The Agusta lifted somewhat jerkily into the air.

  It wasn’t one of Richter’s better take-offs, but he was off the ground and that was all that mattered. He pulled up the collective further, pushed down gently on the left rudder pedal, and moved the control column slightly further back and over to the left. The helicopter banked sharply to port and began increasing speed. As Richter straightened up and the Agusta soared over a clump of poplars at the edge of the field, he knew for sure that he was going to make it.

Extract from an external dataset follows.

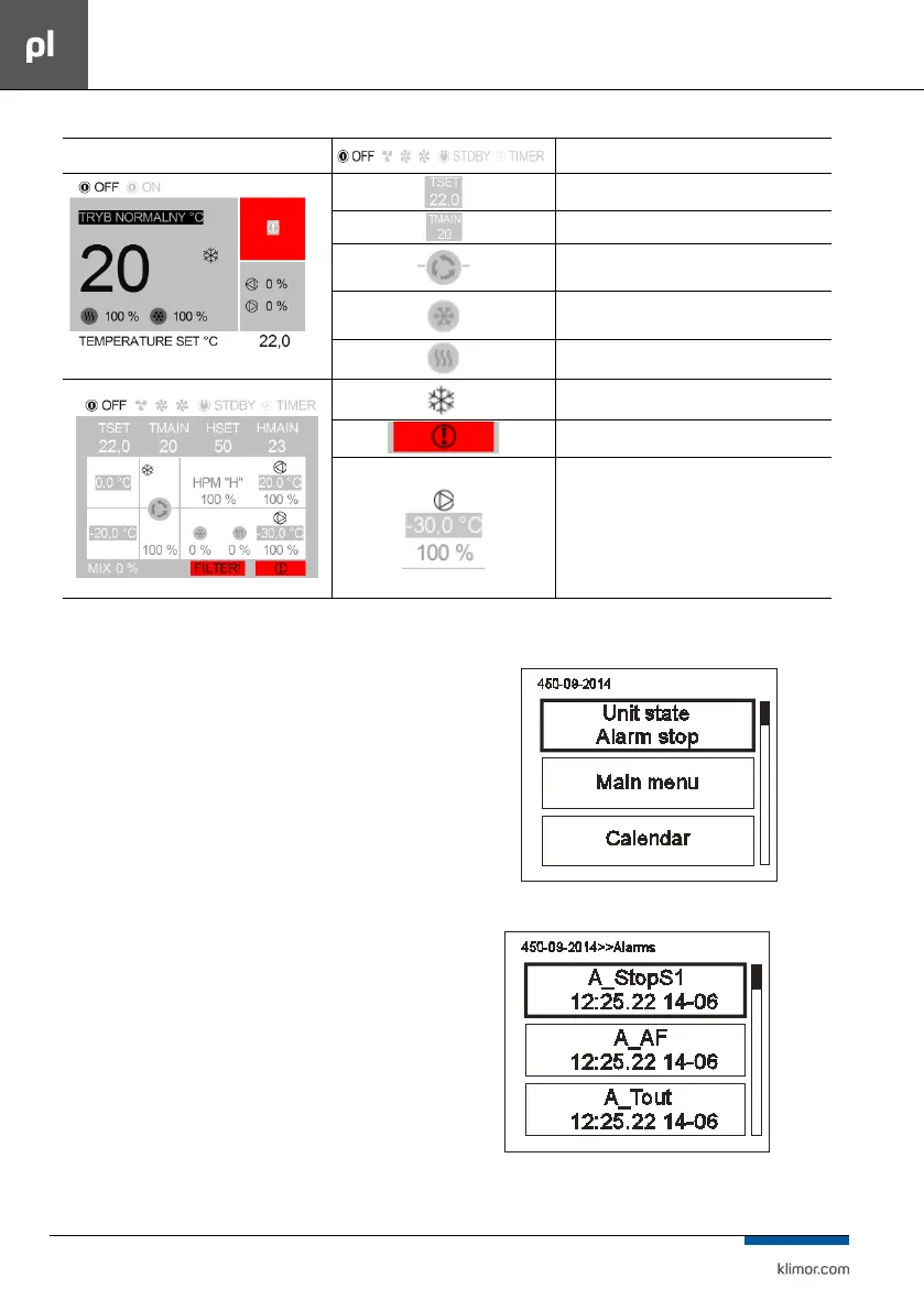 menu HMI. Aby sprawdzić stan alarmów należy przejść do

  Perini had just enjoyed an unexpected piece of good fortune. The air ambulance was still at least ten minutes away when a black BMW saloon slowed down at the end of the drive leading to the villa, where some of Perini’s men were still standing, weapons held loosely in their hands. The driver peered curiously over at the activity outside the house, then braked to a stop and climbed out, clutching a black leather bag. He ran up to where Perini was standing, took one look at Lomas and pushed the DCPP officers aside.

  He pulled off the sodden towel and looked in horror at the gaping wound running from Lomas’s navel almost up to his breastbone. ‘Per l’amore del Dio,’ he muttered, then opened his bag and pulled out a dozen or so self-locking forceps, which he used to clamp all the larger of the severed blood vessels. The doctor then used gauze and adhesive strapping, and quickly contrived a makeshift pad to cover the gaping wound and hold Lomas’s intestines in place.

  Only then did he turn and look up at Perini. ‘This man requires emergency surgery,’ he said. He may have been a doctor, but that clearly didn’t exempt him from stating the blindingly obvious.

  ‘I know,’ Perini said. ‘The air ambulance should be here any minute now.’ And, as he said that, they all heard the distinctive throbbing of rotor blades and a bulky white helicopter with red crosses marked on the side swung into view. After the pilot had carried out a single sweep of the area, it landed in the road just beyond the doctor’s car, and in seconds its two crewmen were running up the drive, carrying a stretcher.